The sliding filament theory explains how a muscle is able to contract or shorten. Below is a list of definitions (use the pictures above and below to follow along) to refer to when reading about the sliding filament theory and its moving parts.

  • Sarcomere [pictured above]: the contractile unit of muscle fibers; under a microscope, you can identify individual sarcomeres by the striated patterns and defined lines; the defined lines that make up the borders of each sarcomere are called Z-lines or Z-disks.
  • Sarcoplasmic reticulum (SR) [pictured above]: a structure within muscle cells that stores the calcium ions necessary to initiate a muscle contraction; the SR is a reservoir for calcium and appears as a web-like structure surrounding muscle cells. At its ends, the SR has a cufflike structure surrounding the muscle cell called terminal cisternae.
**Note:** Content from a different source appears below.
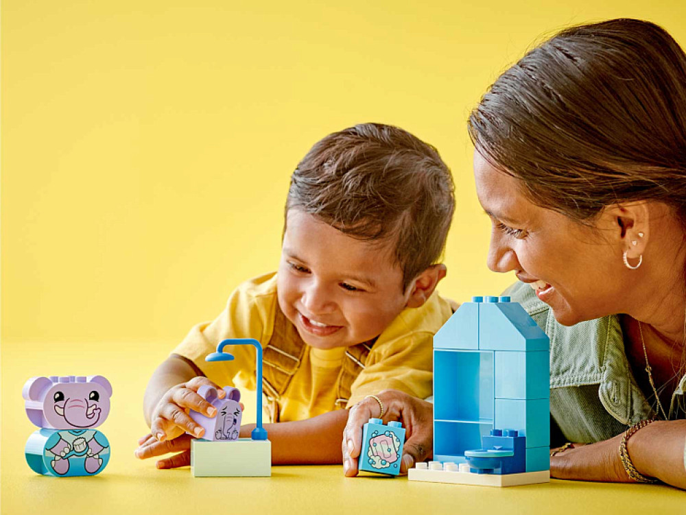 Помогите дошкольникам в возрасте от 18 месяцев и старше понять свои чувства по поводу мытья с помощью обучающей игрушки для малышей «Мои первые ежедневные процедуры: время купания» (10413). Этот игровой набор с животными поставляется с 2 игрушками-слонами — родителем и ребенком — а также ванной, душем и туалетом. Родители и дети дошкольного возраста присоединяются к своим новым друзьям-животным LEGO DUPLO в ванной, наслаждаясь веселой ролевой игрой по мытью ребенка, одновременно изучая важность процедур мытья. Эта игрушка для развития социальных эмоций включает в себя фигурку слоненка, который носит либо счастливое, либо грустное выражение, чтобы помочь малышам разыграть свои чувства во время мытья. Этот игровой набор для купания также является отличным способом завязать веселые разговоры с малышами о приучении к горшку.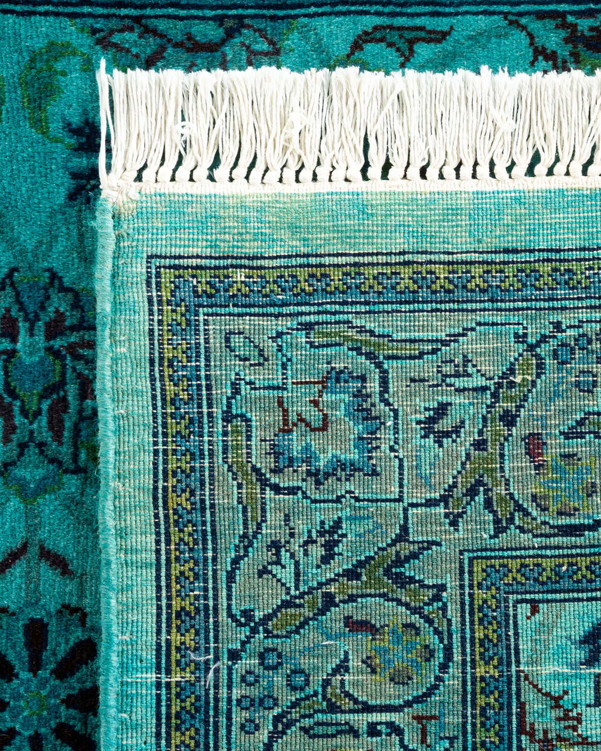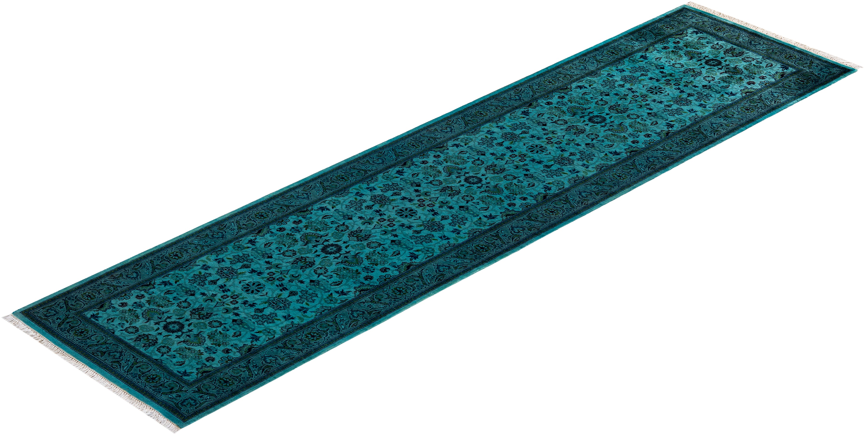 Contemporary Hand-Knotted Overdyed Blue Runner 2' 7" x 10' 4"

  • Transverse tubules (T-tubules) [pictured above]: extensions of the muscle cell membrane that penetrate into the muscle; the role of t-tubules is to drive the action potential (the nerve impulse to initiate a muscle contraction) into the muscle. T-tubules are adjacent to the terminal cisternae of the SR so the action potential can reach the SR allowing the release of calcium. The two terminal cisternae with the t-tubules are called triads of the muscle cells.
  • Actin [pictured below]: the thin filaments that arise off each Z-line; the actin filaments overlap with myosin (thick filaments).
  • Tropomyosin: strands that exist on each actin filament and cover binding sites while the muscle is relaxed. When tropomyosin is in its resting state, a muscle contraction cannot occur.
  • Troponin: also on each actin filament, these molecules are the calcium-binding components. When calcium binds to troponin molecules, the tropomyosin strands shift to expose the binding sites on the actin filaments. At this point, a muscle contraction can occur.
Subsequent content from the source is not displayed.